В Петербурге Нечаев рассказывал о «могучем» московском Центре, в Москве – о грандиозной петербургской организации. Закончилось все вполне банально, обычной уголовщиной (о чем речь опять-таки впереди). Сейчас же для нас важно показать, с каким грузом проблем революционный лагерь подошел к 1870-м годам.
Неудивительно, что следующее десятилетие началось для радикального движения с появления студенческих кружков самообразования. Их участники, убежденные, что дальше так жить нельзя, одновременно открещивались от вседозволенности и аморальности нечаевщины, испачкавшей чистое и святое дело освобождения народа. Причем открещивались настолько рьяно, что их кружки принципиально не имели ни программы, ни устава, чтобы «не было, как у Нечаева». Многие и многие из этих мальчиков и девочек, защищавших перед товарищами свои рефераты по истории, экономическим наукам или статистике, сгинут позже в «местах отдаленных», «не столь отдаленных» или в камерах тюремных казематов. Однако некоторым из них удастся не только выжить и не разочароваться в своих идеалах, но и пройти суровую школу полуподпольной и подпольной работы, побывать бродячими пропагандистами, попытаться стать «своими» для недоверчивого российского крестьянства, выковать из себя несгибаемых политиков-террористов.

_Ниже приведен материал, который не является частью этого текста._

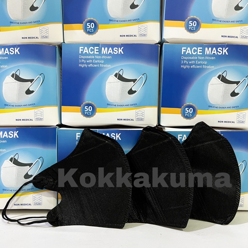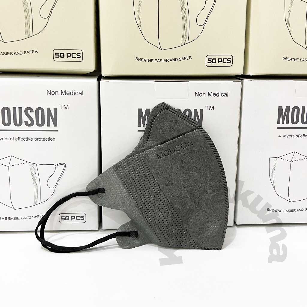 Masker Mouson Duckbill Garis 4 PLY isi 50 pcs Dewasa Disposable Mask Dewasa Hitam / Putih10RB+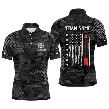 Personalized Dark Camo US Flag Archery Polo Shirt For Men S-5XL
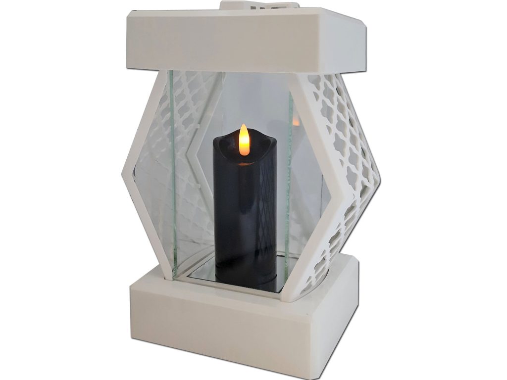 Znicz DMT KARO biały gładki+świeca led czarna

Пока же, в начале 1870-х годов, они заводят «книжное дело», желая снабдить провинциальные университеты современной научной литературой, а заодно завести полезные для будущего «настоящего дела» связи с коллегами-студентами. Молодежь надеется все-таки припасть «к истокам», то есть посетить с пока еще неясными целями деревню и то ли познакомить крестьян с социалистической правдой жизни, то ли позаимствовать у них что-то сокровенное, основополагающее, то ли поднять на немедленную борьбу с правительством. Не решившись сразу отправиться по российским не столько городам, сколько весям, молодые народники попытались проверить свои возможности на фабричных рабочих Петербурга, Москвы, Тулы, Харькова, Одессы. Получилось очень неплохо – воскресные школы, открытые ими для рабочих, пользовались успехом и являлись хорошей ширмой для социалистической пропаганды.

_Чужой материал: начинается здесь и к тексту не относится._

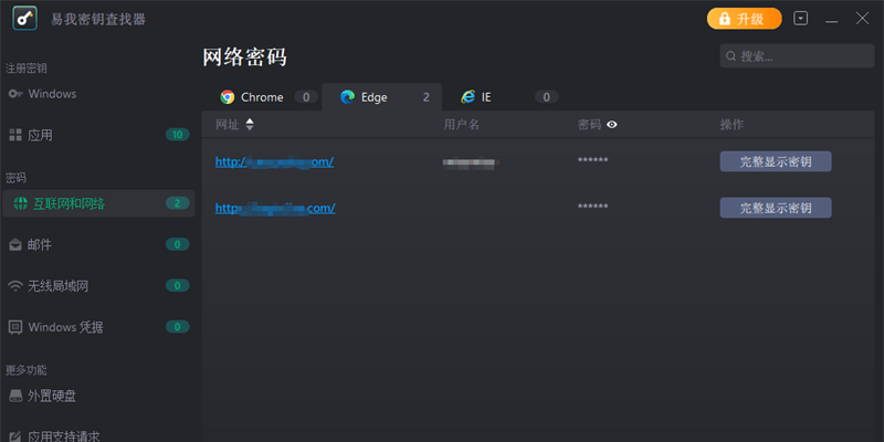 易我密钥查找器会显示存储在以下网络浏览器中的账号和密码:internet explorer、mozilla firefox、google chrome和edge等。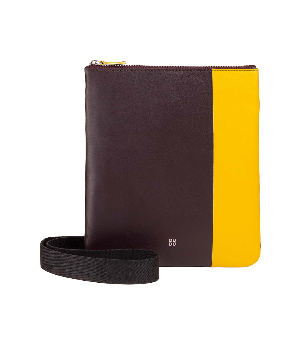 Мъжка кожена чанта в бургунд и жълто Hashima

Однако город и рабочие стали лишь генеральной репетицией для главного действа – выхода молодежи в деревню, к крестьянам. Народнические кружки первой половины 1870-х годов не успели, вернее, не захотели обзавестись ни программой, ни уставом, ни единым руководством. Отсутствие программных документов и единого центра казалось радикалам торжеством «чистой» демократии и надежной гарантией от возникновения «Бонапартов от революции», диктатуры начальствующих лиц. Поэтому и «хождение в народ» 1874 – 1875 годов получилось абсолютно стихийным. Еще только налаживал выпуск пропагандистской литературы в московской типографии И. Мышкин, только обдумывал организацию всероссийской сети пропагандистских пунктов П. Войнаральский, отдавший на «революционное дело» все свое состояние (40 тысяч рублей), а молодежь уже ничто не могло удержать в городах.

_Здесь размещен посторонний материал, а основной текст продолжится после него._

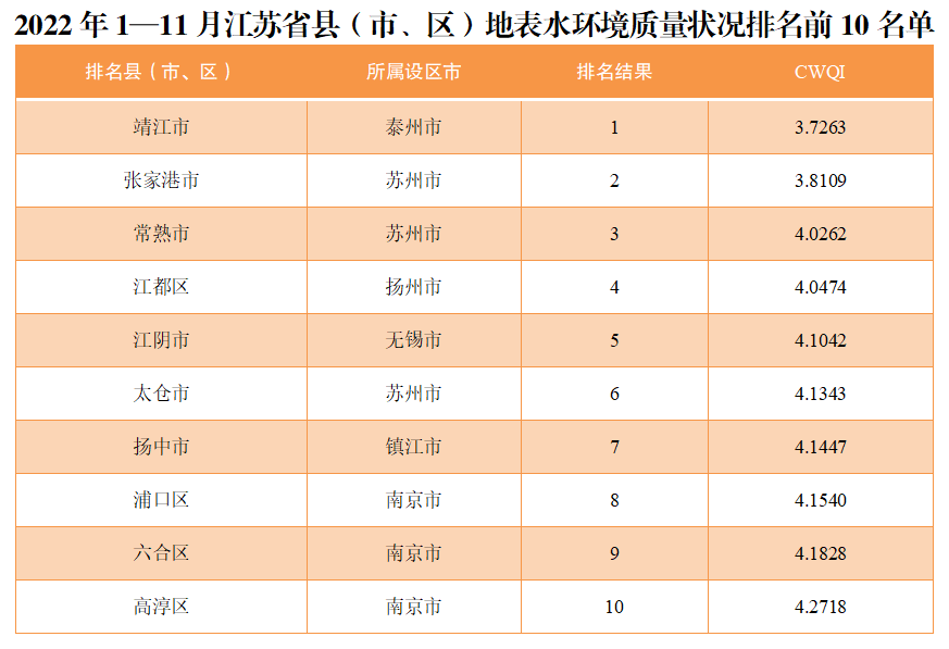 地表水環(huán)境質(zhì)量改善幅度相對較快的前10位(1—10名)依次是句容市、儀征市、丹陽市、吳江區(qū)、江陰市、江都區(qū)、宜興市、靖江市、昆山市、宿豫區(qū)。

Если воспользоваться свидетельством очевидца, то выглядело это таким образом. «Небольшой деревянный флигель из 3 комнат с кухней на Выборгской стороне. Скудная мебель. Спартанские постели. Запах кожи, вара бьет в нос. Это сапожная мастерская. Трое молодых студентов сосредоточенно работают. Один особенно занят прилаживанием двойной, толстой подметки к ботфортам. Под подошву надо спрятать паспорт и деньги – на всякий случай. У окна, согнувшись, вся ушла в работу молодая девушка. Она шьет сорочки, шаровары, кисеты для своих товарищей, собирающихся на днях идти в народ... Говорят мало, все ясно, как день. То же самое при встречах на улицах. Лаконичные вопросы: Куда направляетесь? Куда едете?”... Крепкие рукопожатия и благие пожелания»
[26]
.
Две-три тысячи молодых людей снялись с места по всей европейской части России и отправились знакомиться с крестьянством, разъяснять ему социалистическую доктрину, поднимать на борьбу с правительством. Продолжались эти «именины сердца» очень недолго. Полиции не составило большого труда арестовать в 37 губерниях империи более 2000 неорганизованных, не имевших понятия о конспирации «адептов правды и справедливости». Общественное мнение снисходительно посмеялось над их усилиями, пожурило молодежь за романтически красивую, но наивную и бесперспективную выходку. К сожалению, власть отнеслась к «народнической шалости» гораздо серьезнее.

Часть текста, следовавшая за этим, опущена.